#### [Exercise]
Below are the records; give again exactly the lines from the one containing "At the first" through the one containing "household | ? | dead | |", leaving out pictures.

#### [Information]
+===+

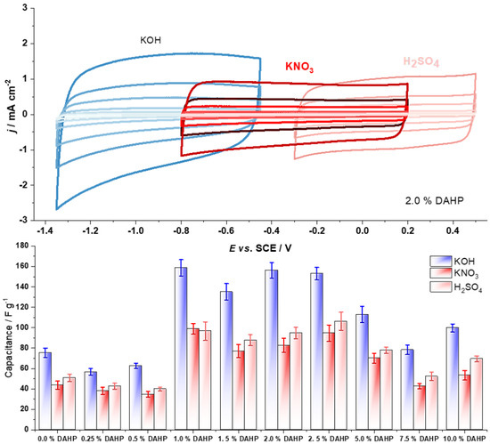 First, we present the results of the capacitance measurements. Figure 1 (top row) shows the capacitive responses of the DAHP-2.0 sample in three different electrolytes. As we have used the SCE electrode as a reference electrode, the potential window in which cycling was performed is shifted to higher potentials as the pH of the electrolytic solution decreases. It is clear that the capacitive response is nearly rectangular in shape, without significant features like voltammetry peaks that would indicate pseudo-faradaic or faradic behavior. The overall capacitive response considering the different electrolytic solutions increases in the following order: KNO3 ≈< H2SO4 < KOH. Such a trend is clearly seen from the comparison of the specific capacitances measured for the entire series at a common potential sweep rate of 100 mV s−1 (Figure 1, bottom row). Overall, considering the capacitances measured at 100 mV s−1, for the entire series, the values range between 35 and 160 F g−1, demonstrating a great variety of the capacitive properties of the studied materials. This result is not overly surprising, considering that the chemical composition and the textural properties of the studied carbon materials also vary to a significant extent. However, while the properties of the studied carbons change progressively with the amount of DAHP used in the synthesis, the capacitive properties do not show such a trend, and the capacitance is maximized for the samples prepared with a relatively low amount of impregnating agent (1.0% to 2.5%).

+===+

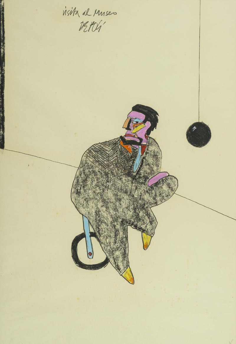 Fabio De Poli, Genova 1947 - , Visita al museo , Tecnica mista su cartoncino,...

+===+

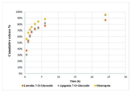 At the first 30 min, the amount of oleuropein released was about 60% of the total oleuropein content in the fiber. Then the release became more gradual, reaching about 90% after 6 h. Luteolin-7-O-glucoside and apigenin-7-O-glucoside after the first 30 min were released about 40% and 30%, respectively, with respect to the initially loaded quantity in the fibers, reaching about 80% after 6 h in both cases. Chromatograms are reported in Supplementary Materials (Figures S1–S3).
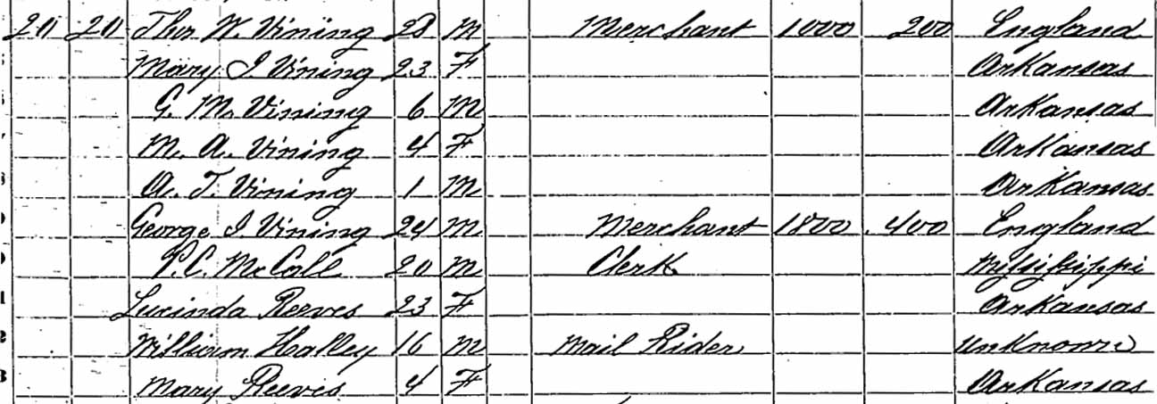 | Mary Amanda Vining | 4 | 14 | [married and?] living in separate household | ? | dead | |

+===+

#### [Completed exercise]
 At the first 30 min, the amount of oleuropein released was about 60% of the total oleuropein content in the fiber. Then the release became more gradual, reaching about 90% after 6 h. Luteolin-7-O-glucoside and apigenin-7-O-glucoside after the first 30 min were released about 40% and 30%, respectively, with respect to the initially loaded quantity in the fibers, reaching about 80% after 6 h in both cases. Chromatograms are reported in Supplementary Materials (Figures S1–S3).
 | Mary Amanda Vining | 4 | 14 | [married and?] living in separate household | ? | dead | |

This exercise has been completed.